» Extracted records
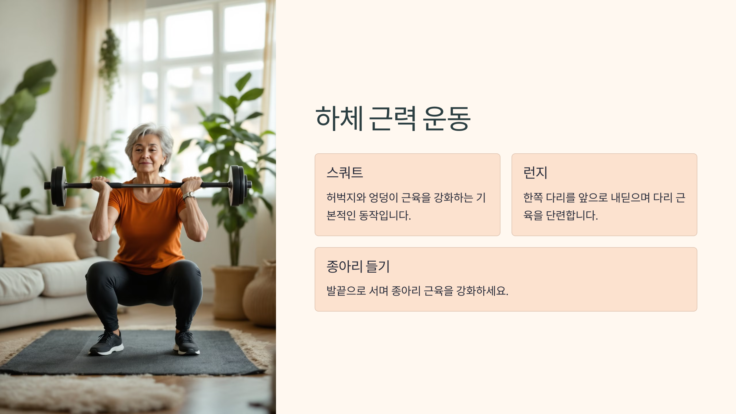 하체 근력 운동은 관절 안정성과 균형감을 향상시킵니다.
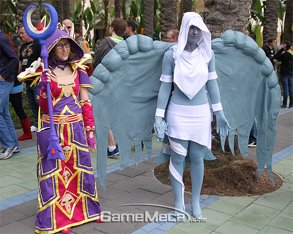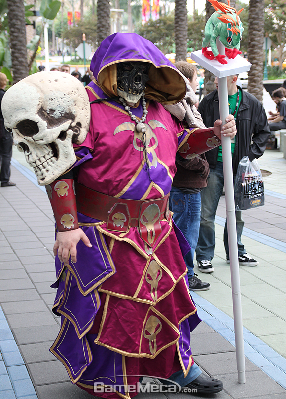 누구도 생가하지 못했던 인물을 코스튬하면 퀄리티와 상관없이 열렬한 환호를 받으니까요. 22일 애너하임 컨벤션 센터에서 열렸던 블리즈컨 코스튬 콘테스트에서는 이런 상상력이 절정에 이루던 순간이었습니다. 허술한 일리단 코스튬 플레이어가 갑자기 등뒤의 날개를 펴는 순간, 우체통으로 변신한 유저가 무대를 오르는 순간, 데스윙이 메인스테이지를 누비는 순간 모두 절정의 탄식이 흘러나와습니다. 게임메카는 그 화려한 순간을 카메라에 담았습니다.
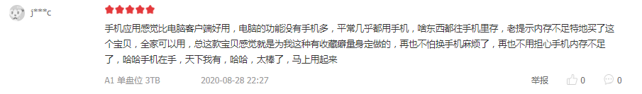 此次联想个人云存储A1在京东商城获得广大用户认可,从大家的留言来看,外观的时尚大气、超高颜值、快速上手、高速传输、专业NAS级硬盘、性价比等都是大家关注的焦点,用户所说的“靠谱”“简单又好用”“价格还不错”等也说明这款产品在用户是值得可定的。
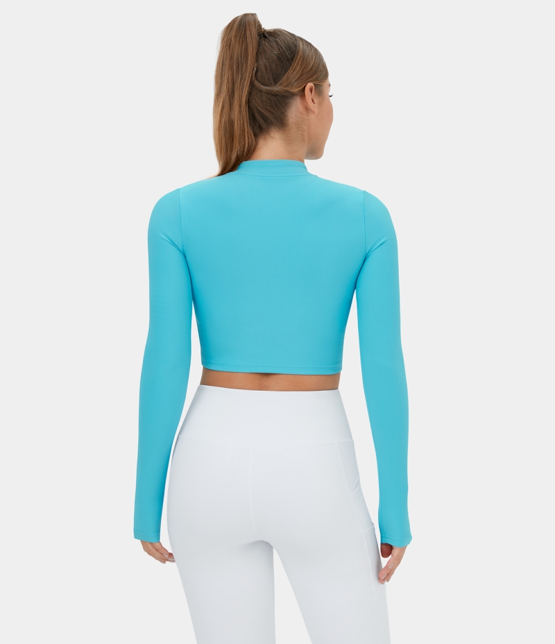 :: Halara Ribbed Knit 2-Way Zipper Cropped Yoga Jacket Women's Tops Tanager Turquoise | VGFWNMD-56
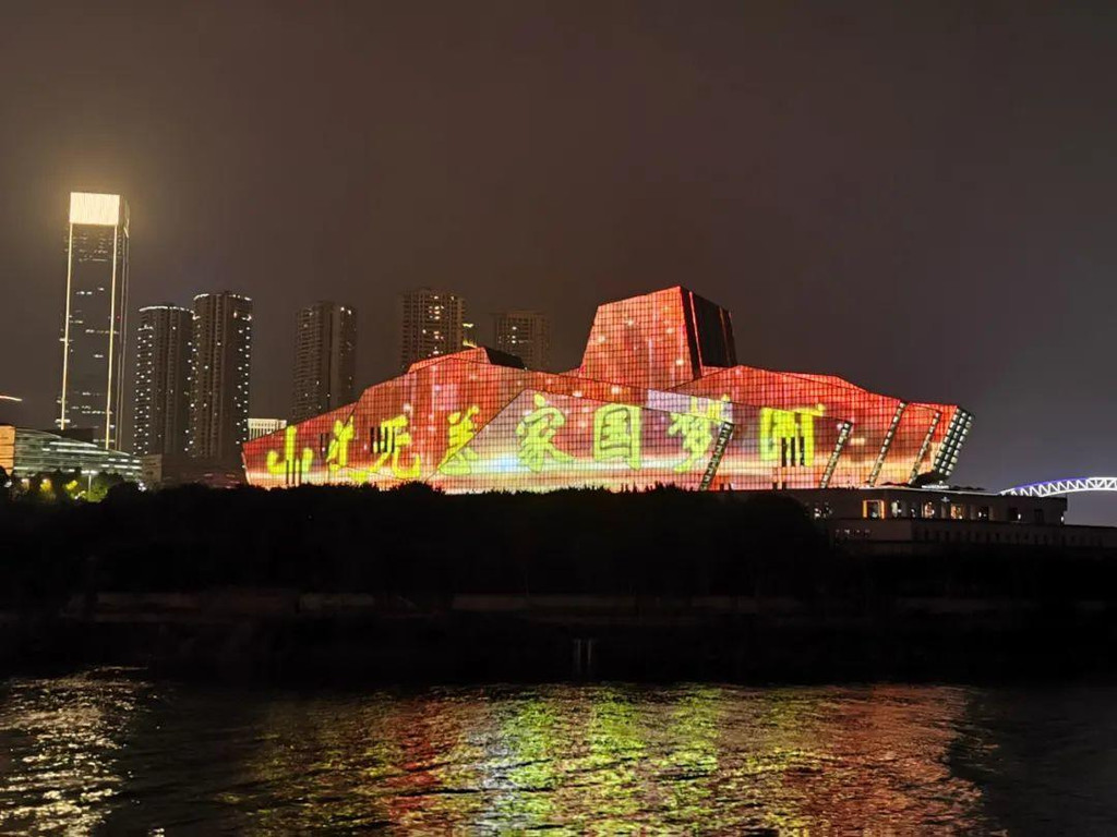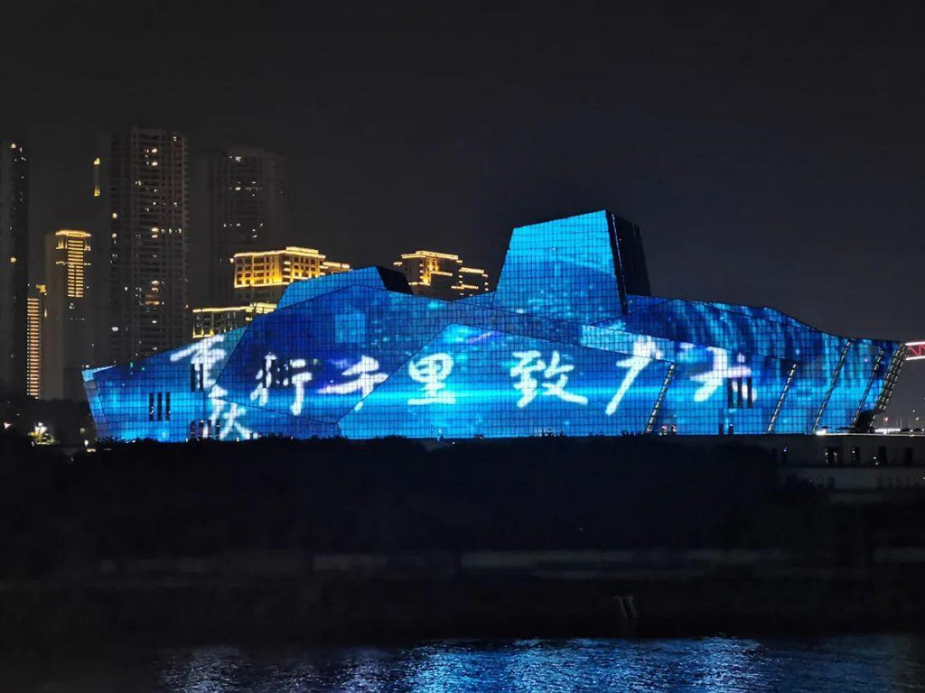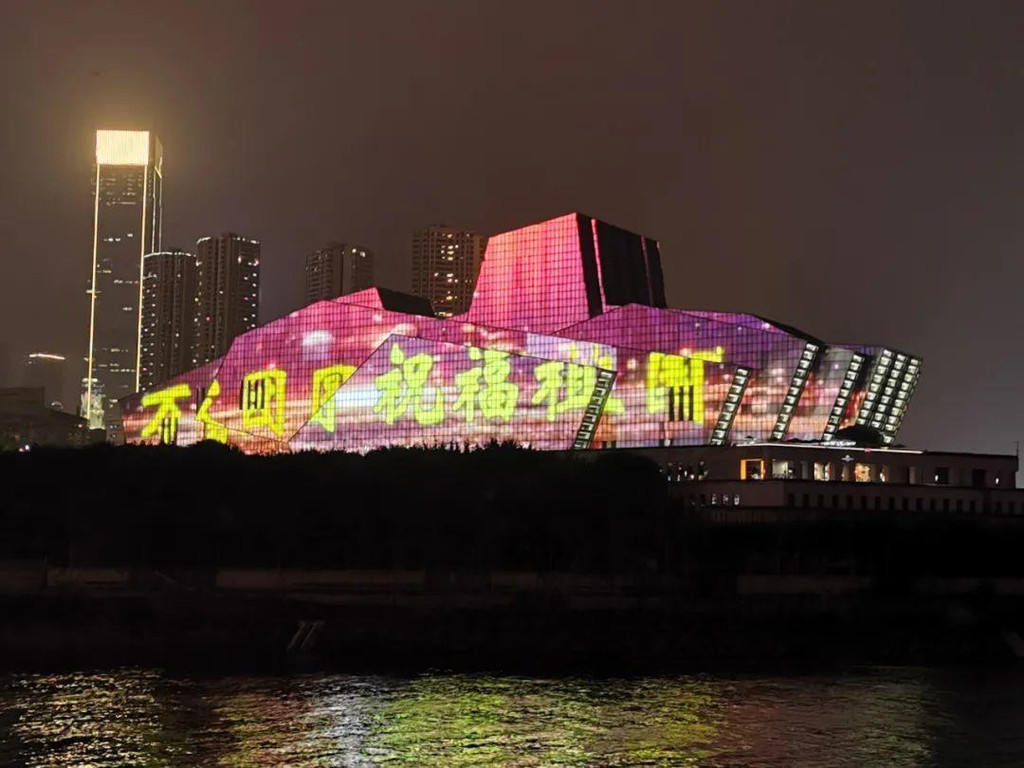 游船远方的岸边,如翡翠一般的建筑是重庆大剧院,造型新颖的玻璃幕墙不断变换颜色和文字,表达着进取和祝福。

» Your assignment
Restate word for word the lines starting at the one that contains "Turquoise | VGFWNMD-56" and ending at the last line of the data. Skip every picture.

» Solution to the problem
 :: Halara Ribbed Knit 2-Way Zipper Cropped Yoga Jacket Women's Tops Tanager Turquoise | VGFWNMD-56
 游船远方的岸边,如翡翠一般的建筑是重庆大剧院,造型新颖的玻璃幕墙不断变换颜色和文字,表达着进取和祝福。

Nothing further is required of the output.